For points in front of the camera this gives you what you want. But points behind the camera will have w<0 and you will get values that map to valid screen coordinates even though the point is behind the camera. To avoid this you need to clip. Any vertex that has a w<0 needs to be clipped.

A quick thing to try is to just not draw any line if either vertex has w<0. This should fix the strange polygons that show up in your scene. But it will also remove some lines that should be visible.

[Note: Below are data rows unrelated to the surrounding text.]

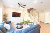 Feel at home in this spacious suite, just minutes from Surprise Stadium. This townhome has room for everyone to relax. This property features a fully equipped kitchen, plush bedding, a 65" Smart TV, comfortable couches, and a private outdoor area with a putting green and games. New stainless steel appliances, utensils, pots and pans, coffee mugs, a coffee maker and coffee filters, a kettle and tea bags, and wine glasses and an opener are provided. The bathrooms include a modern half-bathroom on the main level, a full bathroom upstairs with a glass shower door, and an en-suite full bathroom with a bathtub. There is also easy access to the garage and some fun games in the unit. The common area with a barbeque and pool is close to the unit. There is a $10 fee per guest after 5 guests. Early check-in or late check-out can be requested for a $30 fee. There is a $75 cleaning fee for any pets, and only small to medium sized dogs are allowed. Centrally located for all your activities planned for your trip to Surprise, the surrounding area of Surprise Stadium offers a blend of sports facilities, outdoor spaces, dining options, and entertainment venues. The Surprise Recreation Campus features baseball fields, soccer fields, basketball courts, and playgrounds. The Surprise Tennis and Racquet Complex hosts tournaments and offers tennis courts for recreational use. Surprise Community Park provides green spaces, picnic areas, walking trails, and a fishing lake. There are numerous dining options nearby, ranging from fast-food chains to casual dining restaurants, and several shopping centers and retail outlets are within a short driving distance. Visitors have access to various hotels and accommodations in the vicinity. No shoes are to be worn inside the home, especially on the carpeted areas. Quiet hours start at 10pm on weeknights and 11pm on weekends, ending at 7am. Evidence of pets inside the property will result in a $100 fine. Parties and/or large noisy social gatherings are prohibited, and there is a $250 surcharge for groups that are deceitful about the use of the house. Guests partying will be asked to vacate the property immediately without refund. Smoking of any kind is prohibited in the unit, and you will be fined $500 if you violate this policy. A surcharge of $100 per undeclared guest per night will be applied for unapproved guests. There is a $50 per hour penalty if you fail to check-out by 10am or by the agreed upon check-out time. Includes a comfortable office chair and a desk with a lamp. [SI]
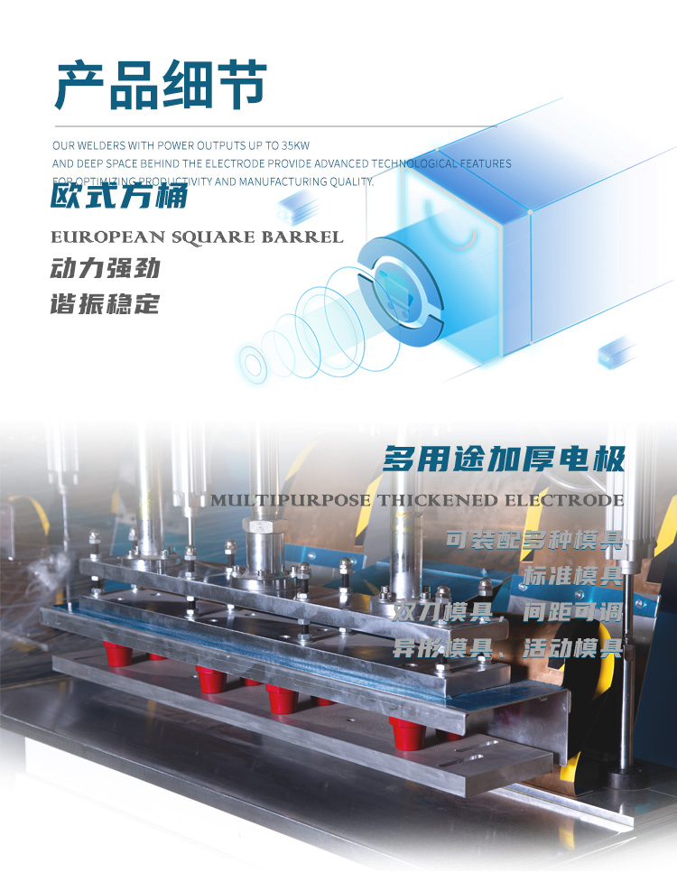 自動(dòng)行走式高周波帆布熔接機(jī)的用途: ※通過高周波的原理,用來做高周波PVC沼氣池熔接、PVC蓄水池熔接、PVC兒童游泳池熔接,也可以用來做高周波汽車篷布帆 布接駁、高周波帳篷布熔接、高周波電影幕布熔接、高周波膜結(jié)構(gòu)拼接、戶外膜結(jié)構(gòu)焊接、膜結(jié)構(gòu)熔接、高頻戶外遮陽布熔接、 高頻廣告噴繪布焊接、高頻PVC布熔接或含有PVC成分的任何材質(zhì)的軟性塑膠塑料的高周波熔接或拼接。通過高周波的作用后,被 高頻熔接的材料,表面光滑平整且美觀牢固。 自動(dòng)行走式高周波帆布熔接機(jī)的特點(diǎn): ※自動(dòng)行走式高周波帆布熔接機(jī),采用智能化PLC人機(jī)界面操作系統(tǒng),步進(jìn)或伺服馬達(dá)驅(qū)動(dòng)。自動(dòng)行走,位置精準(zhǔn),無需搬動(dòng)材料 和機(jī)器。一條接縫一次性完成,接縫整齊,無皺紋,無刀印。每分鐘可達(dá)5-10m的焊接速度??筛鶕?jù)用戶需要,選擇不同高周波功率 大小的機(jī)器,每次焊接材料的長(zhǎng)度及寬度,均可以通過改變高周波模具的尺寸長(zhǎng)短寬度,實(shí)現(xiàn)膜結(jié)構(gòu)或帆布的自動(dòng)熔接需要。機(jī)器的 內(nèi)側(cè)設(shè)有相應(yīng)跨度的放料槽,放料槽的跨度和深度可根據(jù)焊接的產(chǎn)品大小選擇。以滿足不同大小面積的帆布熔接及接駁。膜結(jié)構(gòu)帆布熔 接機(jī)的鐳射掃描定位系統(tǒng)為可選配置,方便每次焊接時(shí)精準(zhǔn)定位。 ※自動(dòng)行走式高周波帆布熔接機(jī)的高頻振蕩系統(tǒng)為歐式方形同軸結(jié)構(gòu),高周波輸出的力量穩(wěn)定強(qiáng)大。高周波熔接機(jī)內(nèi)設(shè)有高周波 NL5557火花保護(hù)系統(tǒng),可防止損壞高頻熔接模具。高周波膜結(jié)構(gòu)熔接機(jī)的焊接時(shí)間,可根據(jù)材質(zhì)厚薄不同自由設(shè)定,高周波的功率輸 出大小精密可調(diào)。 ※每次熔接牢固穩(wěn)定,材料厚薄均可滿足。機(jī)器料糟深寬,方便大面積連續(xù)接駁。機(jī)器可連續(xù)壓線接熔,接熔長(zhǎng)度可以自由定制。 歐洲制式方形高頻震蕩箱,出力更大,更加穩(wěn)定。機(jī)器為C型結(jié)構(gòu),機(jī)身至焊頭跨度長(zhǎng)達(dá)750mm??蛇B續(xù)壓線接熔,也可以選擇同 時(shí)雙線熔接。 ※自動(dòng)行走式高周波帆布熔接機(jī)又稱為高周波汽車篷布帆布接駁機(jī)、高周波帳篷布熔接機(jī)、高周波電影幕布熔接機(jī)、高周波膜結(jié)構(gòu) 拼接機(jī)、戶外膜結(jié)構(gòu)高周波焊接機(jī)、膜結(jié)構(gòu)高周波熔接機(jī)、高頻戶外遮陽布熔接機(jī)、高頻廣告噴繪布焊接機(jī)、高頻PVC布熔接機(jī)、高 周波塑膠塑料熔接機(jī)、高周波熔接拼接機(jī)、高周波汽車篷布焊接機(jī)、高周波戶外帳篷制作機(jī)、遮陽膜結(jié)構(gòu)高周波焊接機(jī)、廣告噴繪布 高周波接駁機(jī)、高周波熱汽球制造機(jī)、電影幕布高周波縫合機(jī)高周波帆布熔接機(jī),高周波膜結(jié)構(gòu)熔接機(jī),高周波帆布機(jī),汽車帆布熔接機(jī)。 高周波膜結(jié)構(gòu)帆布熔接機(jī)的技術(shù)規(guī)格: 機(jī) 型: HR-8KWA HR-10KWA HR-12KWA HR-15KWA HR-25KWA 高 周 功 率: 8000W 10000W 12000W 15000W 25000W電 源 電 壓: 380V 50/60HZ 高 周 頻 率: 27.12MHZ 13.56 MHZ 輸 入 功 率: 15KVA 18KVA 20KVA 25KVA 35KVA 整 流 器: 矽二極體 振 蕩 管: 7T69RB E3069 E3130 8T85RB 8T25RA 最 大 壓 力: 500kg 600kg 800kg 1000kg 1500kg 電 極 間 隔: 150 mm 活 動(dòng) 行 程: 150 mm 上模夾 尺寸:50*50*800mm 50*50*800mm 50*50*900mm 60*60*900mm 50*50*1000mm 熔 接 時(shí) 間: 0---10s <機(jī)器相關(guān)所有尺寸,均可根據(jù)用戶要求定制。因改良需要,規(guī)格變動(dòng)不另通知> |
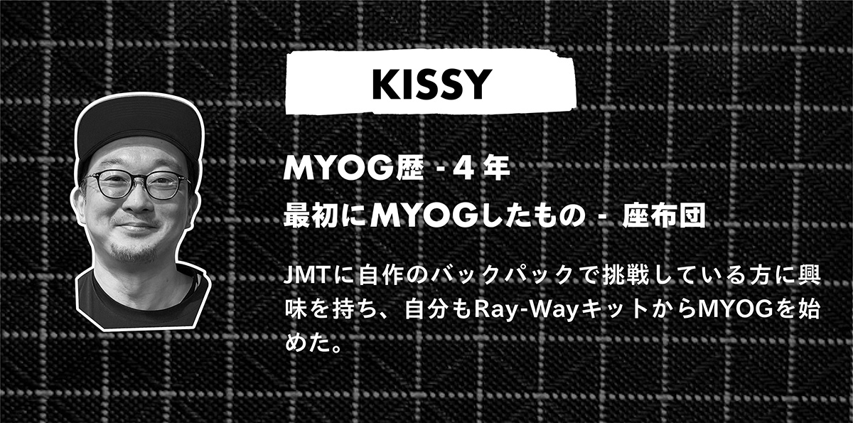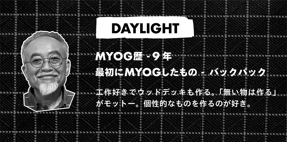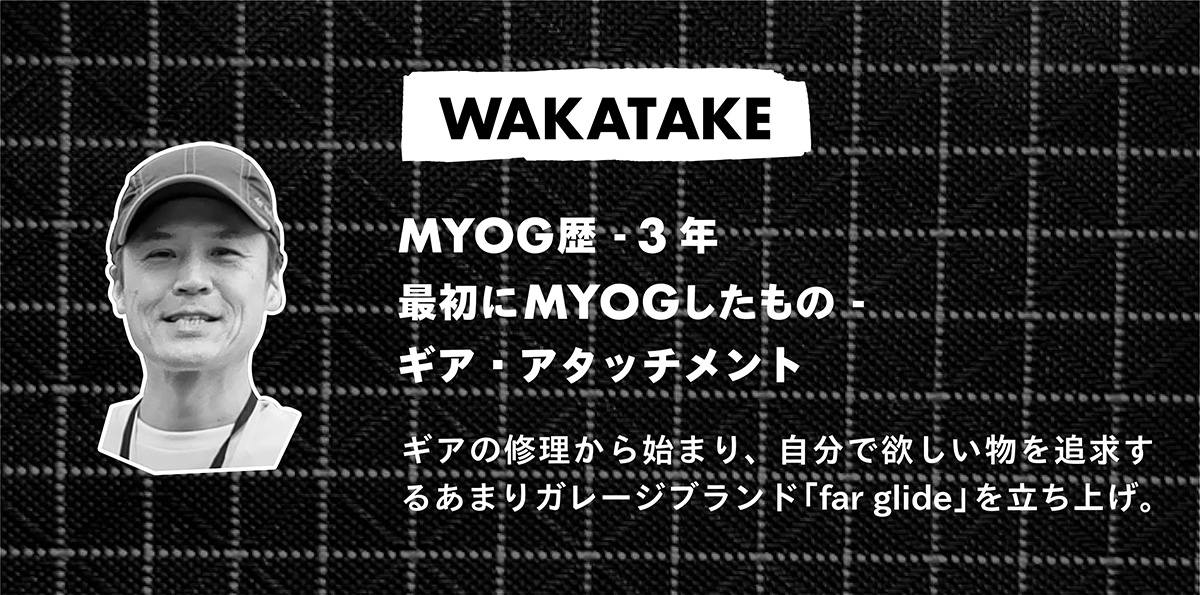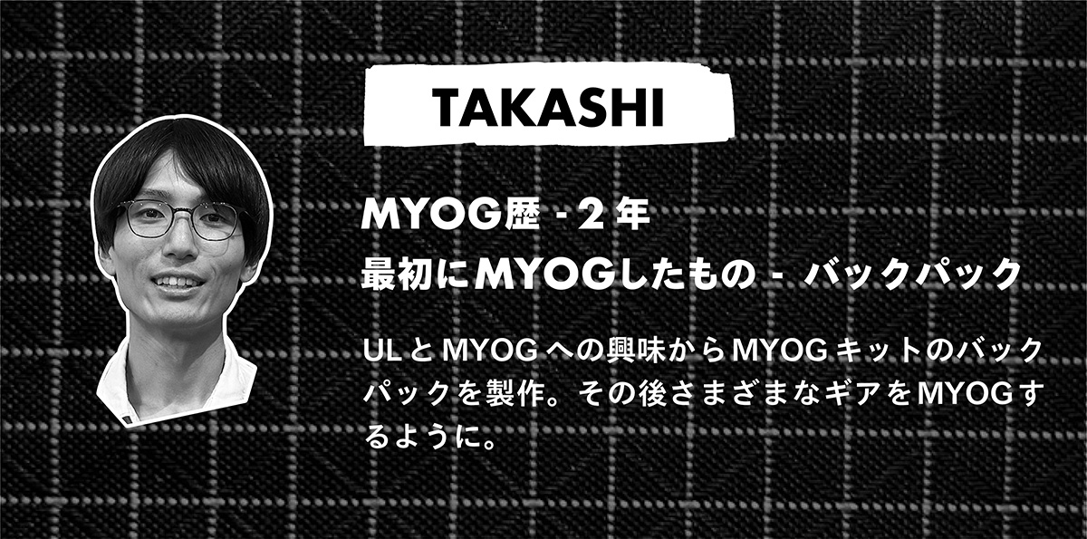 TAKASHI:MYOGを始めて2年くらいなのですが、バックパックから始めて、タープ、シュラフ、ビヴィや、その他にも小物などいろんなものをMYOGするようになりました。
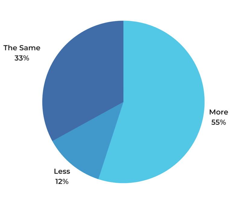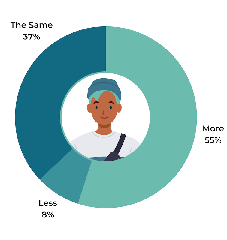 For example, in 2020, 67% of shoppers said they’d be more comfortable in-store if other customers were required to wear masks. But this number dropped to 55% this year.

TO completely fix the problem you need to clip all the lines which have one vertex in front of the camera and one vertex behind the camera. Clipping means cutting the line in half and throwing away the half that is behind the camera. The line is "clipped" by a plane that goes through the camera and is parallel to the display screen. The problem is to find the point on the line that corresponds to this plane (i.e. where the line intersects the plane). This will occur at the point on the line where w==0. You can find this point, but then when you try to find the screen coordinates

xscreen = (x/w) * screen_width
yscreen = (y/w) * screen_width

you end up dividing by 0 (w==0). This is the reason for the "near clipping plane". The near clipping plane is also parallel to the display screen but is in front of the camera (between the camera and the scene). The distance between the camera and the near clipping plane is the "near" parameter of the projection matrix:

[    near/width   ][        0        ][         0              ][        0       ]
[        0        ][    near/height  ][         0              ][        0       ]
[        0        ][        0        ][(far+near)/(far-near)   ][        1       ]
[        0        ][        0        ][-(2*near*far)/(far-near)][        0       ]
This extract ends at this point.